**Data supplied**
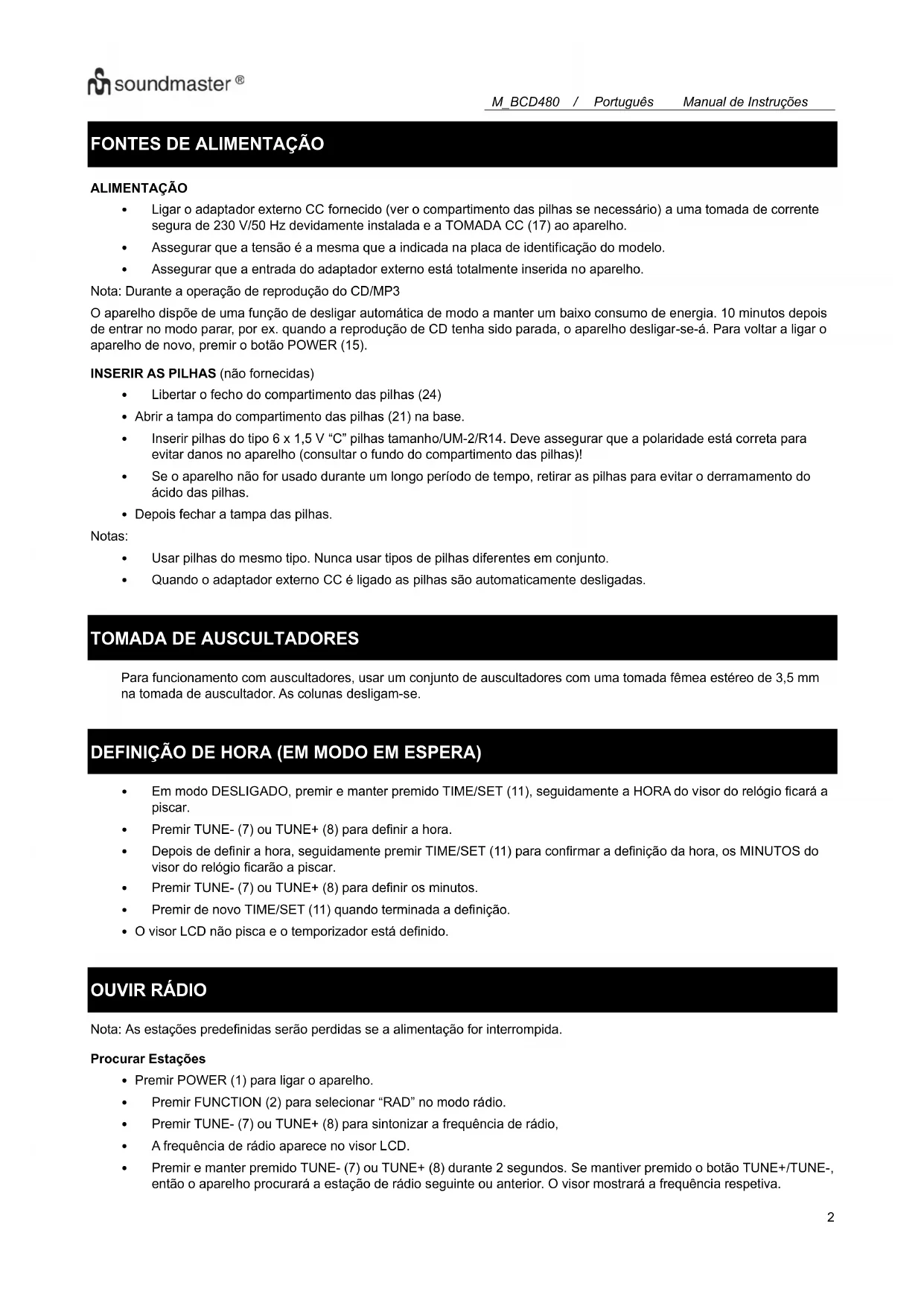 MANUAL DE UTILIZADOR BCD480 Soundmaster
--
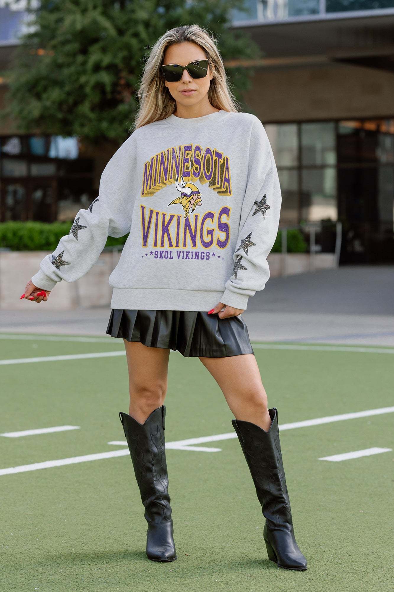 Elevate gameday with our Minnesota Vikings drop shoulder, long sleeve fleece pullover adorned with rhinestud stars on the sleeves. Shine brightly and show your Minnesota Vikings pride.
==
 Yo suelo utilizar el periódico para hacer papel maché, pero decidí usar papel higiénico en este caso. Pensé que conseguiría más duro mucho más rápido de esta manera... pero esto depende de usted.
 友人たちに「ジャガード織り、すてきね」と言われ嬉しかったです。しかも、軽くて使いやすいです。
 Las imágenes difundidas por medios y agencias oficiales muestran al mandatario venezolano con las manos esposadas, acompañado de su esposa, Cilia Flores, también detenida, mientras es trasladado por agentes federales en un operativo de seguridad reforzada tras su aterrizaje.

**Goal of the exercise**
Exact duplication is required for the lines above, from the line that contains "Yo suelo utilizar" to the line that contains "友人たちに「ジャガード織り、", inclusive; omit all others.

**Response below**
 Yo suelo utilizar el periódico para hacer papel maché, pero decidí usar papel higiénico en este caso. Pensé que conseguiría más duro mucho más rápido de esta manera... pero esto depende de usted.
 友人たちに「ジャガード織り、すてきね」と言われ嬉しかったです。しかも、軽くて使いやすいです。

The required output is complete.